Preclinical Development
Hannah Jones, PhD
Senior Vice President, Head of PBPK Consulting Services
Certara
Princeton, New Jersey
Description: This session will focus on how PBPK biosimulation software technology is used to ameliorate key challenges in drug discovery and pre-clinical stages to identify the most promising candidates and avoid later stage failure.
Many drug candidates fail in clinical studies, either because they do not effectively treat the condition for which they are being developed or the drug has too many side effects. Biosimulation is a proven approach for reducing that failure rate, beginning in drug discovery and supporting the translational stage prior to beginning human clinical studies. One of the key biosimulation technologies, encouraged by regulators and used by many biopharmaceutical companies is physiologically based pharmacokinetics (PBPK). Physiologically-based pharmacokinetic (PBPK) modeling is a methodology based upon in-depth mechanistic understanding of the biological and pharmacologic phenomena which determine in vivo PK in animals and humans. PBPK is a recognized game-changing technology for all stages of drug development, used by global regulators and hundreds of leading biopharmaceutical companies.
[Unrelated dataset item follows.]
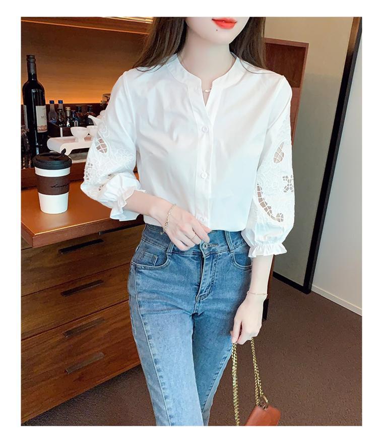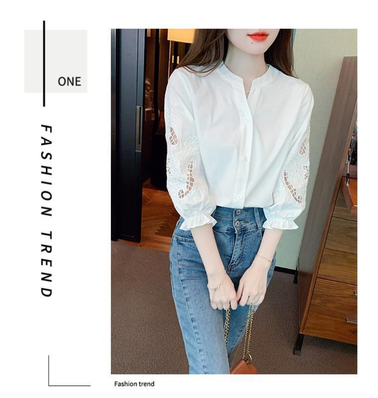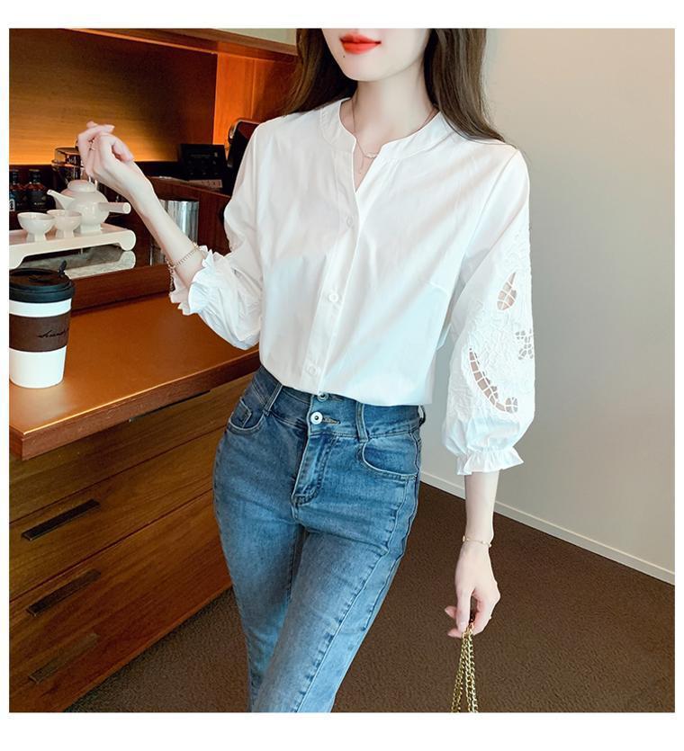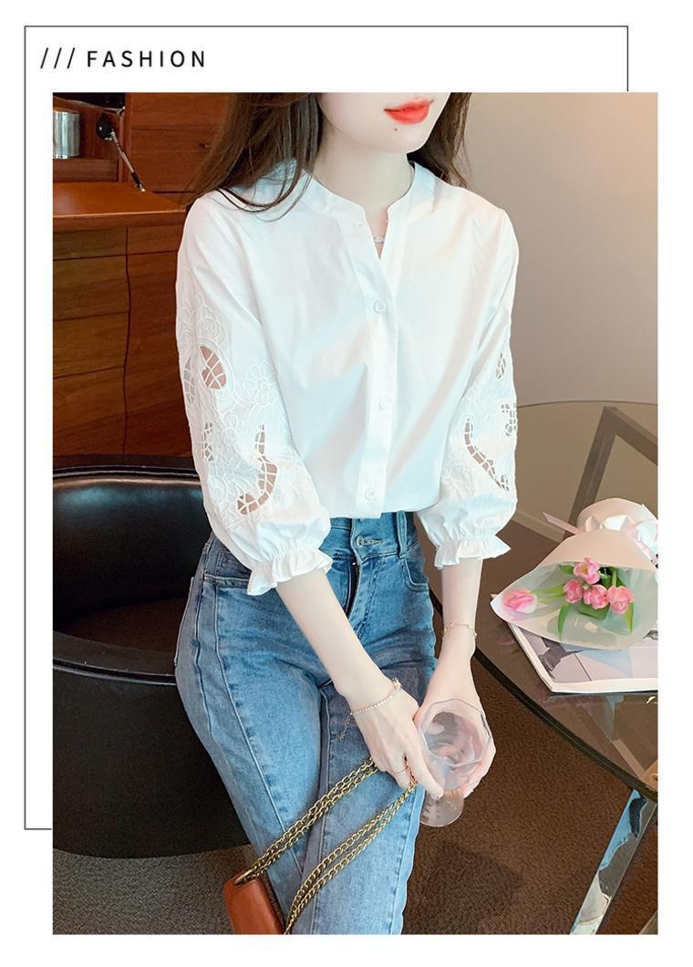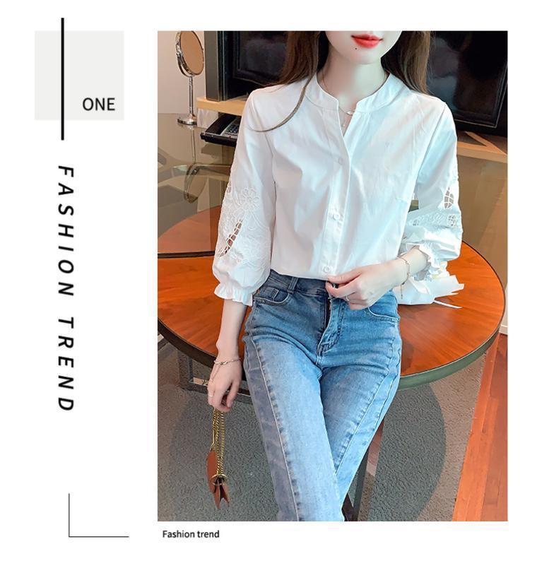 무거운 자수 버블 랜턴 반팔 셔츠 여성 초가을 2025 여름 셔츠 7 소매 화이트 쉬폰 탑

PBPK models are well-posed to make robust predictions of in vivo PK exposures, even when based on the limited data available during the initial stages of drug development. As such, PBPK approaches are being increasingly employed to strengthen the FIH dose rationale.
Simcyp has recently released a new software product based on its industry-leading Simcyp PBPK Simulator, for use by discovery and translational scientists. The software facilitates four important use cases: mechanistic first-in-human dose prediction, an essential step to achieving investigational drug approval (IND); compound prioritization in the discovery stage, including batch processing to identify the most promising drug candidates; drug-drug interaction screening to address safety issues before proceeding with a given compound; and early formulation assessment to strengthen the case for a molecule’s absorption in human subjects.